Rz. 203

Schutzanordnungen nach dem Gewaltschutzgesetz kommen bei Verletzungen des Körpers, der Gesundheit oder der Freiheit in Betracht, wobei die Voraussetzungen denjenigen des § 823 Abs. 1 BGB entsprechen.[277] § 1 Abs. 2 Satz 1 Nr. 1 GewSchG erstreckt die Möglichkeit gerichtlicher Schutzanordnungen in Fällen, in denen die Gewalt noch nicht i.S.v. Abs. 1 ausgeübt worden ist, auf die widerrechtliche Drohung mit einer Verletzung der in Abs. 1 genannten Rechtsgüter.

Eine Verletzung des Körpers liegt vor bei einem unbefugten Eingriff in die körperliche Integrität. Unter einer Gesundheitsverletzung wird jedes Hervorrufen oder Steigern eines von den normalen körperlichen Funktionen nachteilig abweichenden Zustandes verstanden, unabhängig davon, ob Schmerzen oder tiefgreifende Veränderungen der Befindlichkeit auftreten. Körper- und Gesundheitsverletzungen gehen ineinander über. Psychische Gewalt wird als Körper- und Gesundheitsverletzung erfasst, wenn sie sich beim Opfer psychisch auswirkt, wobei die Beeinträchtigung eine gewisse Erheblichkeit erreichen muss.[278]

 

Praxistipp:

Nicht geschützt durch das Gewaltschutzgesetz ist das allgemeine Persönlichkeitsrecht.[279]
Allerdings gilt für gerichtliche Anordnungen zum Schutz der anderen von § 823 Abs. 1 und 2 BGB erfassten Rechtsgüter – also auch für das Persönlichkeitsrecht –, dass eine analoge Anwendung des Unterlassungsanspruchs aus § 1004 BGB in Betracht kommt.[280]

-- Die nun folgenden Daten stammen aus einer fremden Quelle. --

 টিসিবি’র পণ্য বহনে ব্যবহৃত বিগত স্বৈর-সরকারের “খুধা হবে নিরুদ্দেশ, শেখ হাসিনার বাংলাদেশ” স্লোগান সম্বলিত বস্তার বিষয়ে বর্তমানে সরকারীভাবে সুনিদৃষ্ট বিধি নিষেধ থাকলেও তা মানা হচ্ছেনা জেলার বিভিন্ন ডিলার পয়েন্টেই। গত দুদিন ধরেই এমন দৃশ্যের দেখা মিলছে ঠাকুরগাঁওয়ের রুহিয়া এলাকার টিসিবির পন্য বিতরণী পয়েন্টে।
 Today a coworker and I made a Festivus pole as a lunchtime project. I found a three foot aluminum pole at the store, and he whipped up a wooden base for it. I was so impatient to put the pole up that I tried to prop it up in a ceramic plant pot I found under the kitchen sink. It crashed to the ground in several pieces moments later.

Bei sämtlichen Tatbeständen müssen zusätzlich zu den in den jeweiligen Tatbeständen genannten Tathandlungen folgende weitere Tatbestandsmerkmale erfüllt sein:

Widerrechtlichkeit, die durch die Verletzungshandlung regelmäßig indiziert wird
Verschulden, wobei Vorsatz erforderlich ist
Wiederholungsgefahr, die durch die Verletzungshandlung indiziert wird.

OLG Braunschweig, Beschl. v. 30.9.2014 – 2 UF 118/14[281]

Zitat

Hat es eine getrennt lebende Ehefrau zumindest geduldet, dass sich der Ehemann zum Abholen der Kinder und zur Übergabe von Fotokopien im Eingangsbereich des Hauses/der Ehewohnung aufgehalten hat, liegen die Voraussetzungen für ein widerrechtliches Eindringen weder im Sinne des § 123 StGB noch des § 1 Abs. 2 Satz 1 Nr. 2 Buchst. a GewSchG vor, denn der Aufenthalt des Ehemanns geschah mit einem die Widerrechtlichkeit ausschließenden Einverständnis der Ehefrau.

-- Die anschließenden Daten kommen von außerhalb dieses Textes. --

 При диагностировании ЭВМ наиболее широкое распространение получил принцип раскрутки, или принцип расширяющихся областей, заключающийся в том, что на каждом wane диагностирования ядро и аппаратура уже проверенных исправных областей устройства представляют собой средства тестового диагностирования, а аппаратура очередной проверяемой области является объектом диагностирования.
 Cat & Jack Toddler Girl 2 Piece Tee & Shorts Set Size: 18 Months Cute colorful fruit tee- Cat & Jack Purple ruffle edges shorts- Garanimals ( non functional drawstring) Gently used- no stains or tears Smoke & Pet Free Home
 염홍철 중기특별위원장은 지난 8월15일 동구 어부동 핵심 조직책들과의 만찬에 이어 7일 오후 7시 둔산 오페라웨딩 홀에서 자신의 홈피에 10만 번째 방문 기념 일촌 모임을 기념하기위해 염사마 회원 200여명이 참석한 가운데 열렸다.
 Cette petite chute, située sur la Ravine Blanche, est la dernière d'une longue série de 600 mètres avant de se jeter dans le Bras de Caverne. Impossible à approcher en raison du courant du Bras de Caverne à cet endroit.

[277] OLG Karlsruhe FamRZ 2012, 460; Johannsen/Henrich/Dürbeck, Familienrecht, 7. Aufl., § 1 GewSchG Rn 5.
[278] Johannsen/Henrich/Dürbeck, § 1 GewSchG Rn 5; OLG Karlsruhe FamRZ 2012, 460; OLG Hamm FamRZ 2012, 645.
[279] BT-Drucks 14/5429, S. 18 f.; OLG Hamm FamRZ 2012, 645: Veröffentlichung von Nacktbildern und Zusendung eines ehrenrührigen Briefes; OLG Celle FamRZ 2013, 569; OLG Celle FamRZ 2012, 1950.